Recorded data:
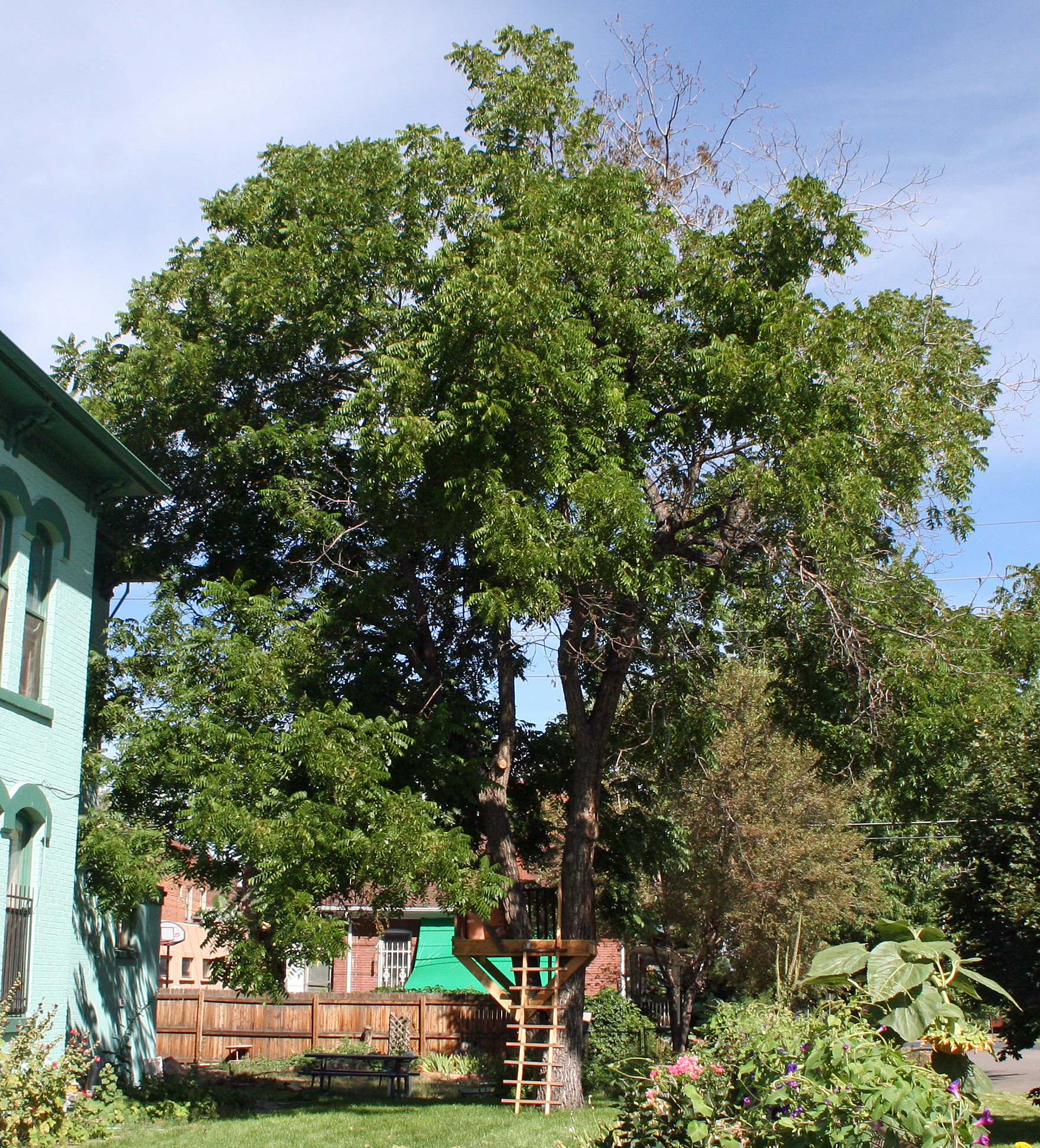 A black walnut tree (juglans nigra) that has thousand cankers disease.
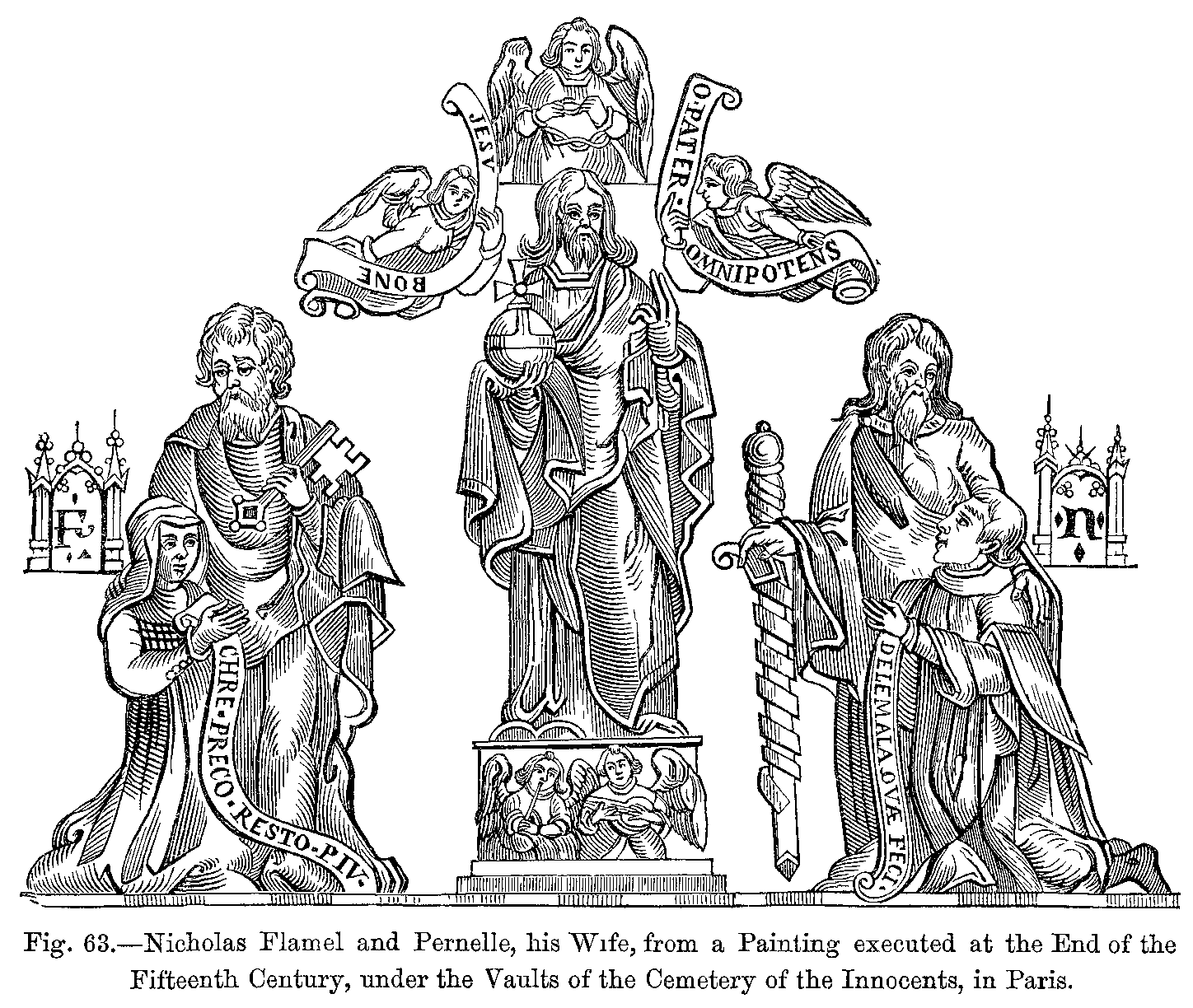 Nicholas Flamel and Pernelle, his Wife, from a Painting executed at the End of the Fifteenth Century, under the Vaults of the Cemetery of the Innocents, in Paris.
---
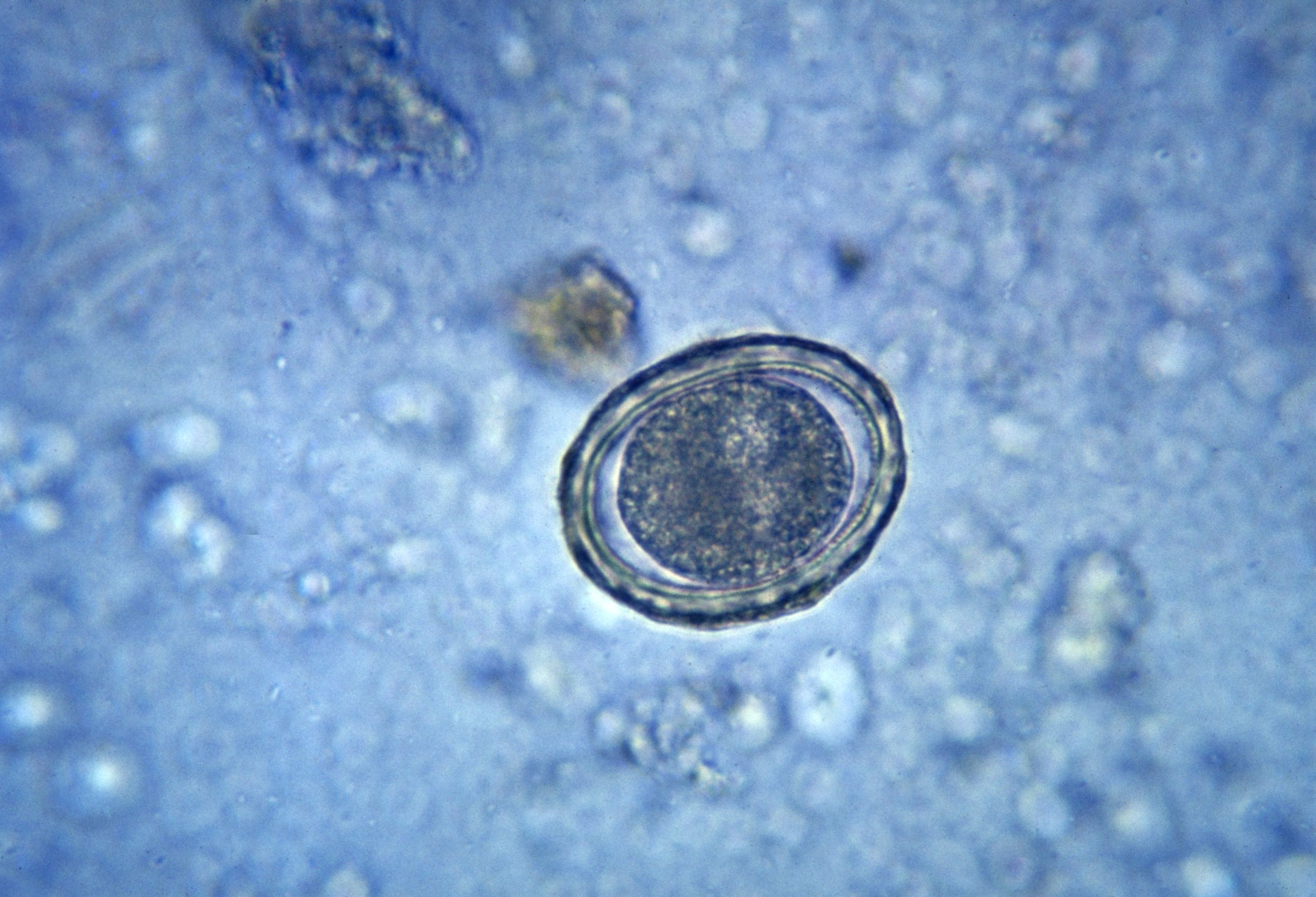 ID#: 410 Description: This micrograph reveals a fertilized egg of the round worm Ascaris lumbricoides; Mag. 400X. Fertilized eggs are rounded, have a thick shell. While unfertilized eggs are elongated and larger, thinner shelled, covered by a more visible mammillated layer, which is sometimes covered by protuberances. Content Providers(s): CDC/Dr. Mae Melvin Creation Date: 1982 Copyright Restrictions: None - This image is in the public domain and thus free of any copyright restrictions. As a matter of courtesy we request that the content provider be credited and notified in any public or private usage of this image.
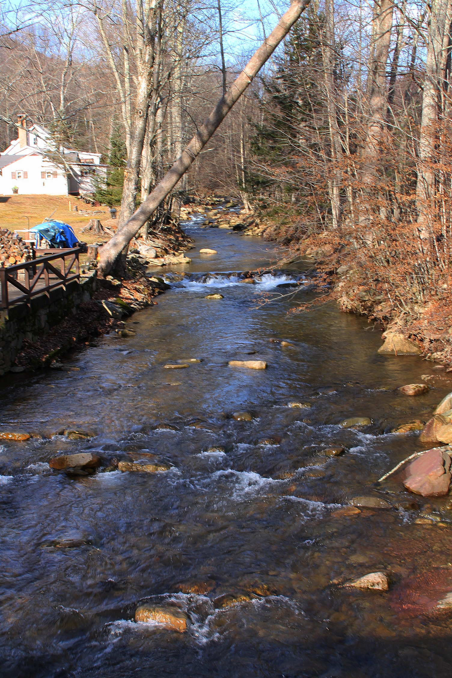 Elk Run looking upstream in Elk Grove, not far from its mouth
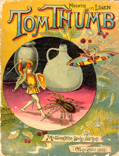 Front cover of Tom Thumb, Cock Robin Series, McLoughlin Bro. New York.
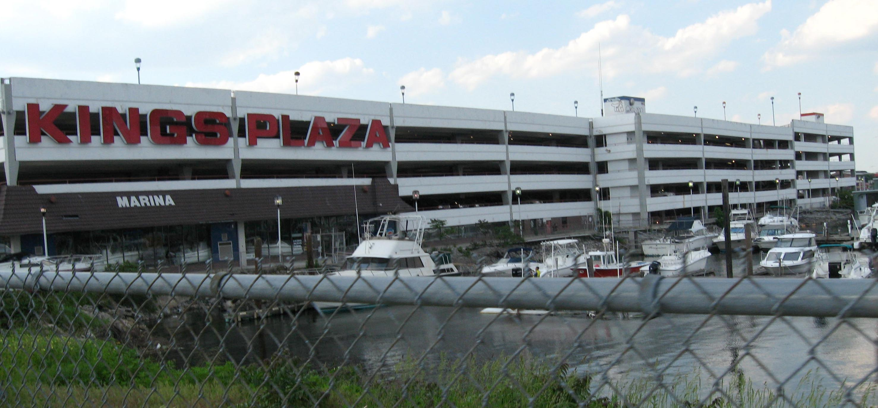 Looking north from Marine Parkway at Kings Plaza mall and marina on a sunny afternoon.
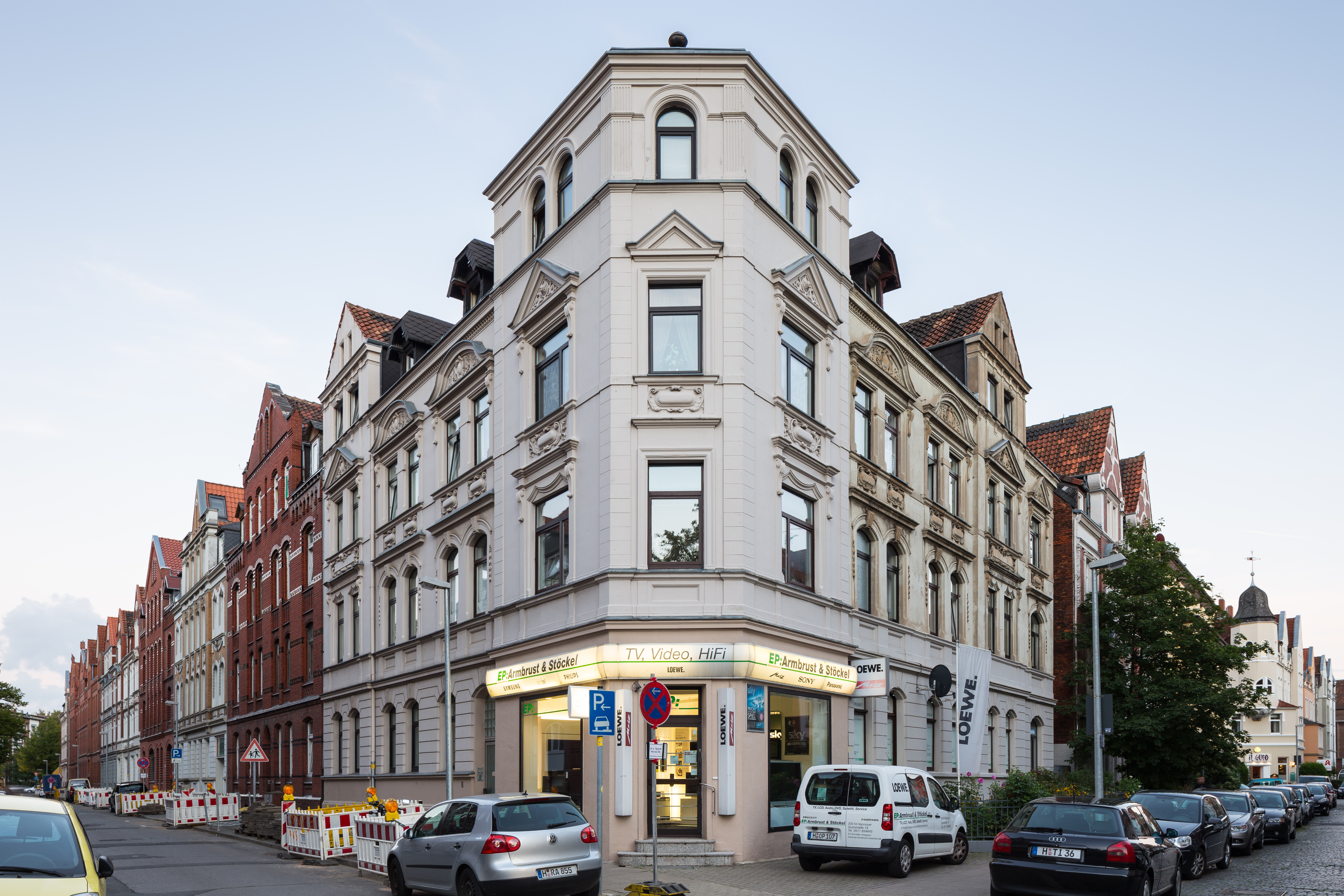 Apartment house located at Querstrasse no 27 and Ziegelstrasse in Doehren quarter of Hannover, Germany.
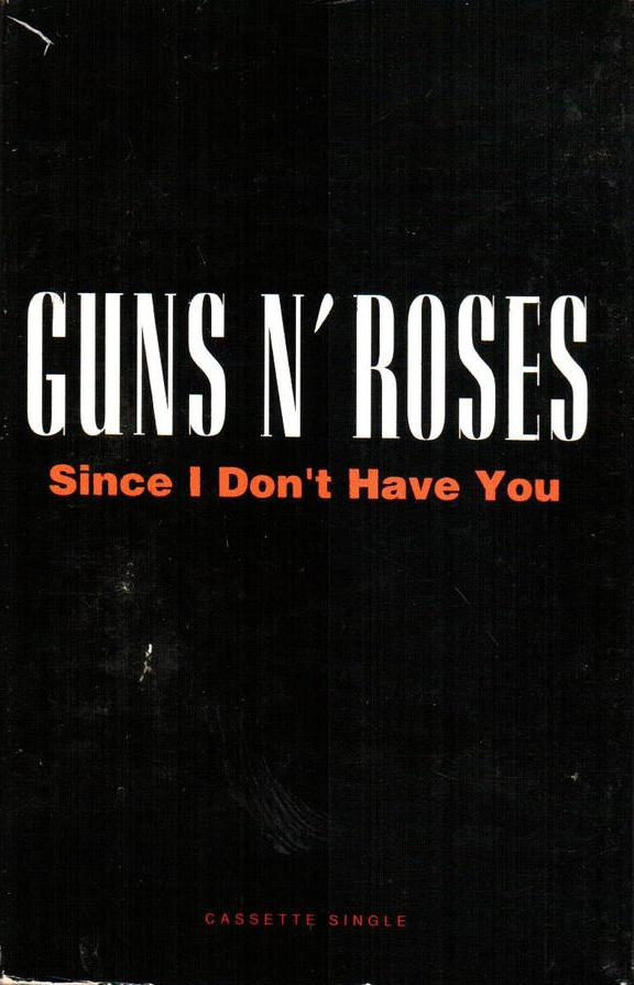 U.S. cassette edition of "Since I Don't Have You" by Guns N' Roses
--
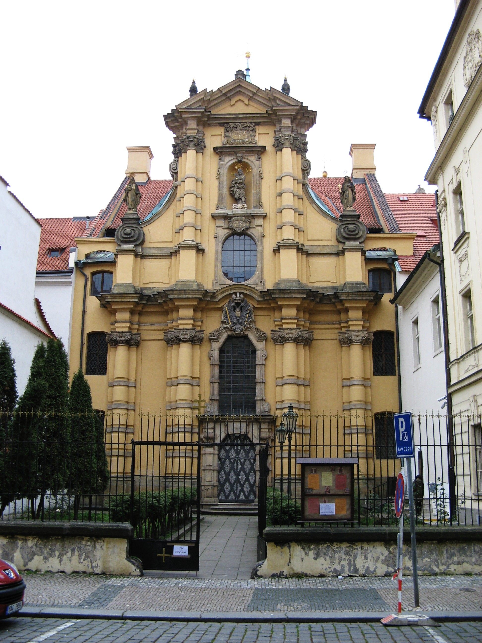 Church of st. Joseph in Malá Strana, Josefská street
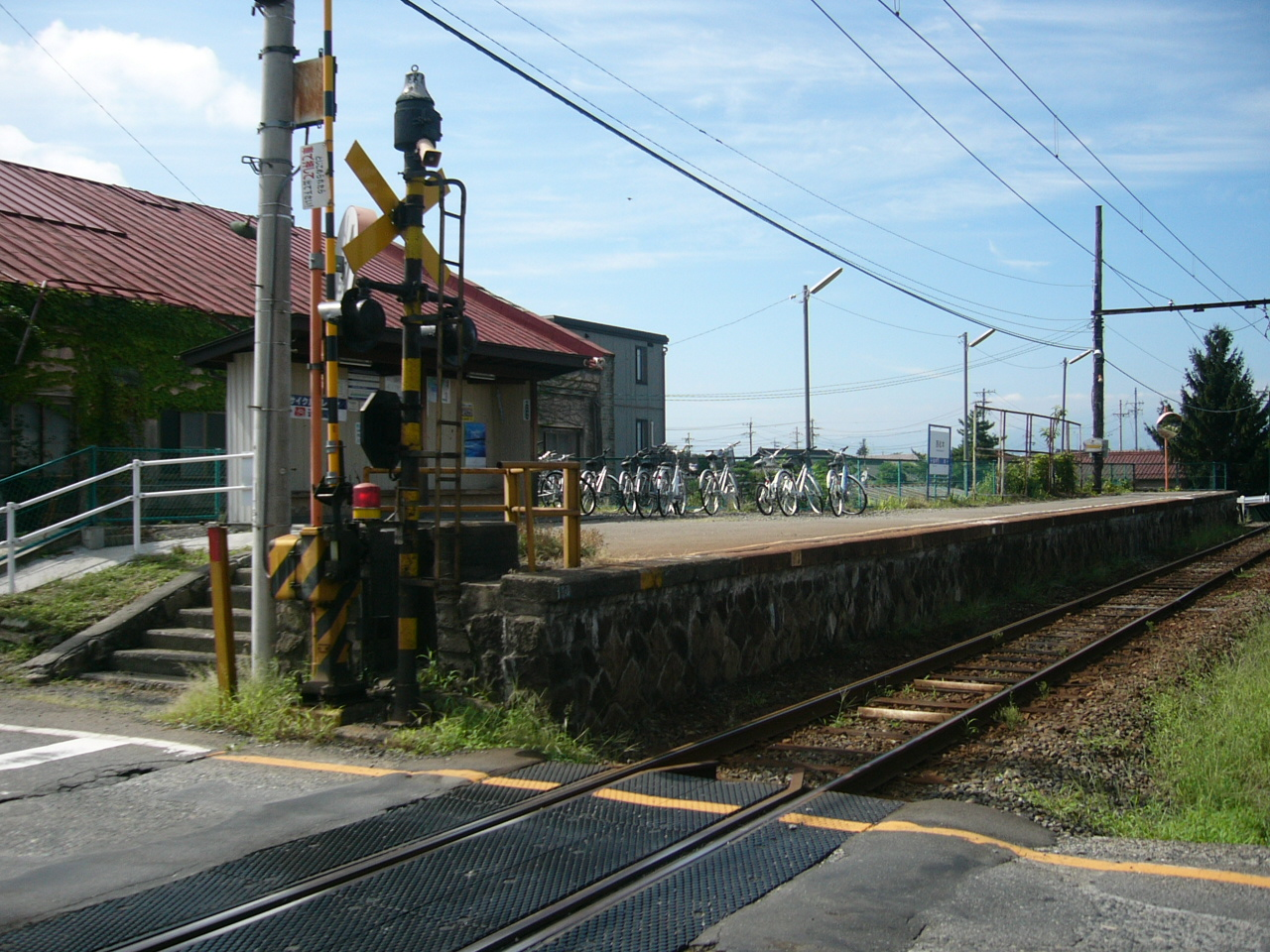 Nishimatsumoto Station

Activity: Look above for the line with "Church of st." and the line with "Nishimatsumoto Station", then copy them and all lines in between exactly as written, and only those, without any pictures.

Output of the exercise:
 Church of st. Joseph in Malá Strana, Josefská street
 Nishimatsumoto Station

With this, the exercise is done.